His manner and his cultured tone, everything about him, reassured her at
once. They conveyed to her that he was what she would have termed "a
gentleman," and with a little sigh of relief she seated herself.

"I'm afraid," said Mr. Fleck, smiling, "that Carter's method of
approaching you must have alarmed you."

"Carter--Oh, the black-mustached man."

"Yes, that describes him. You see, he did not wish to act definitely
without consulting his chief, yet the unexpected opportunity seemed far
too vital not to be utilized. He did not explain, did he, what it was we
wanted of you?"

"Indeed he didn't," said Jane, now wholly herself. "He was most
mysterious about it."

Mr. Fleck smiled amusedly.

"Carter has been an agent so long that being mysterious is second nature
to him."

"An agent--I don't understand."

"A Department agent," explained Mr. Fleck, adding, "engaged in secret
service work for the government."

"Oh!"

Jane's exclamation was not so much of surprise as of delighted
realization, and the satisfaction expressed in her face was by no means
lost on Mr. Fleck.

"Would you object," he asked, moving his chair a little closer to hers,
"if, before I explain why you are here, I ask you a few questions--very
personal questions?"

"Certainly not," said Jane.

"You are American-born, of course?"

"Oh, yes."

"And your parents?"

"American for ten or twelve generations."

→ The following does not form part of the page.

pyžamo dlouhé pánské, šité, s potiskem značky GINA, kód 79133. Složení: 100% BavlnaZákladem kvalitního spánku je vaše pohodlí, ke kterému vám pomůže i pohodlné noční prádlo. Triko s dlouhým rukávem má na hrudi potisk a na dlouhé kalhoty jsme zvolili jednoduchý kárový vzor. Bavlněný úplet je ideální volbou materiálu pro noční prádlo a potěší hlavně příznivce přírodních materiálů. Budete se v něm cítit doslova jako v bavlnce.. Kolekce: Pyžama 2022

"How long have you lived in that apartment house on Riverside Drive?"

"For about five years."

"Do you know any of the other tenants in the house?"

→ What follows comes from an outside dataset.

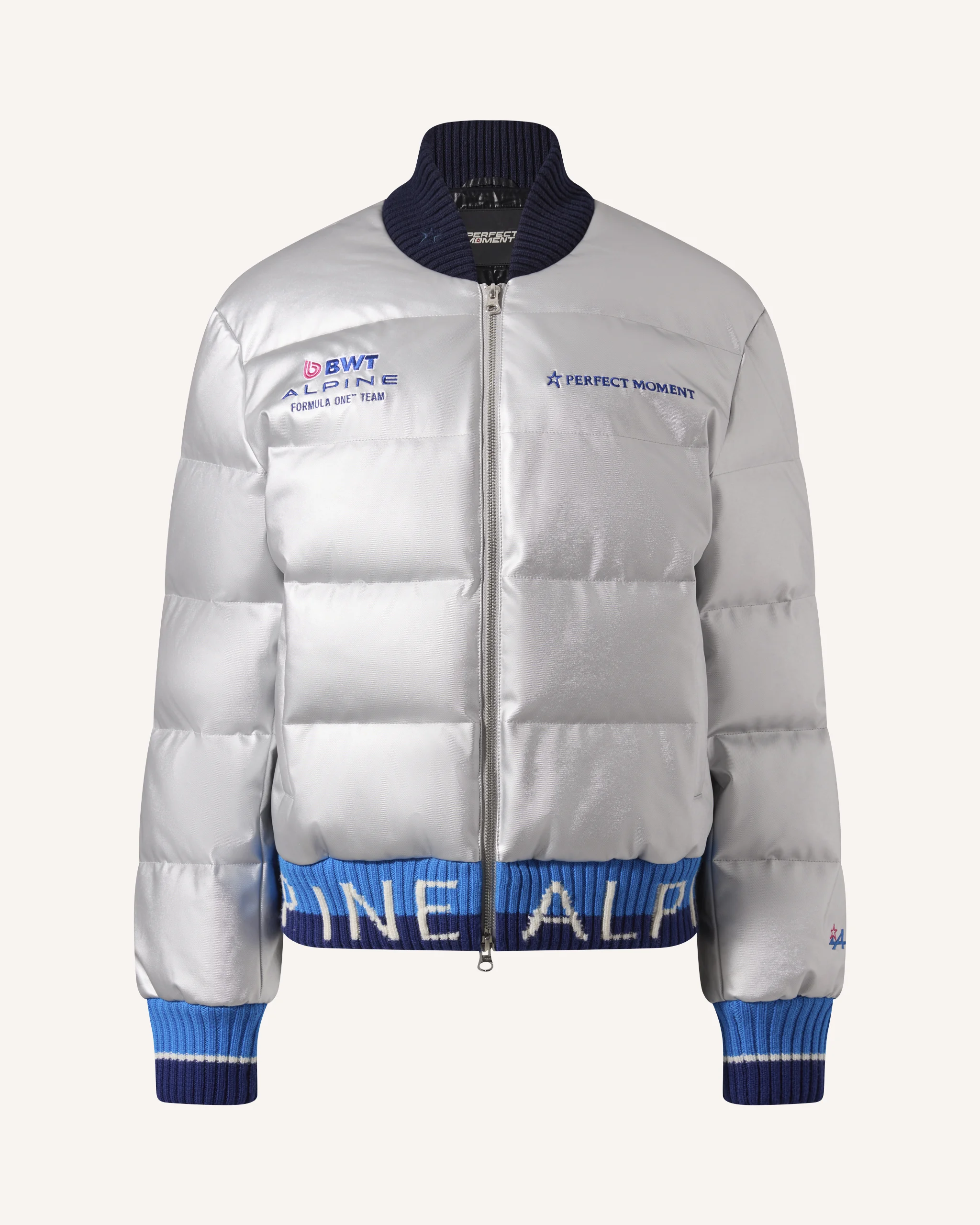 A standout layer engineered for both altitude and attitude, the Unisex Silverstone Bomber in Silver Twill Merino Wool blends alpine warmth with motorsport precision. Designed with bold rib-knit trims in Alpine blue, it features dual branding across the chest and a statement Perfect Moment star embroidered across the back for a dynamic, race-ready finish. Structured yet easy to wear, it delivers everyday comfort with a polished, modern silhouette—perfect from the slopes to the paddock. Imported Product Code: U80002292370 Materials & Care Materials - Shell: 57% nylon, 29% Polyurathene, 14% spandex - Knit Trim: 100% Merino wool - Lining: 100% recycled polyester - Insulation: 80% duck down, 20% feather Care - Machine wash at 30'C - Do not bleach - Do not Iron - Do not Tumble - Do not wring - Do not use fabric softener - Wash with fasteners closed - Dry clean

"No--that is, none personally."

"Is your time fully occupied?"

"No, indeed it isn't, I've nothing to do at all, nothing except to try
to amuse myself."

"Good," said Mr. Fleck. "Now would you be willing to help in some secret
work for the United States Government, some work of the very highest
importance?"

"Would I?" cried Jane, her eyes shining. "Gladly! Just try me."

"Don't answer too quickly," warned Mr. Fleck. "Remember, it will be real
work, serious work, not always pleasant, sometimes possibly a little
perilous. Remember, too, it must be done with absolute secrecy. You must
not let even your parents know that you are working with us. You must
pledge yourself to breathe no word of what you are doing or are asked to
do to a living soul. Everything that we may tell you is to be buried
forever from everybody. No one is to be trusted. The minute one other
person knows your secret it will no longer be a secret. Can we depend
upon you?"

"You may absolutely depend on me," said Jane slowly and soberly. "I give
you my word. I have been eager for ever so long to do something to help,
to really help. My father is doing all he can to aid the government.
He's on the Shipping Board."

Mr. Fleck nodded. Evidently he was aware of it already.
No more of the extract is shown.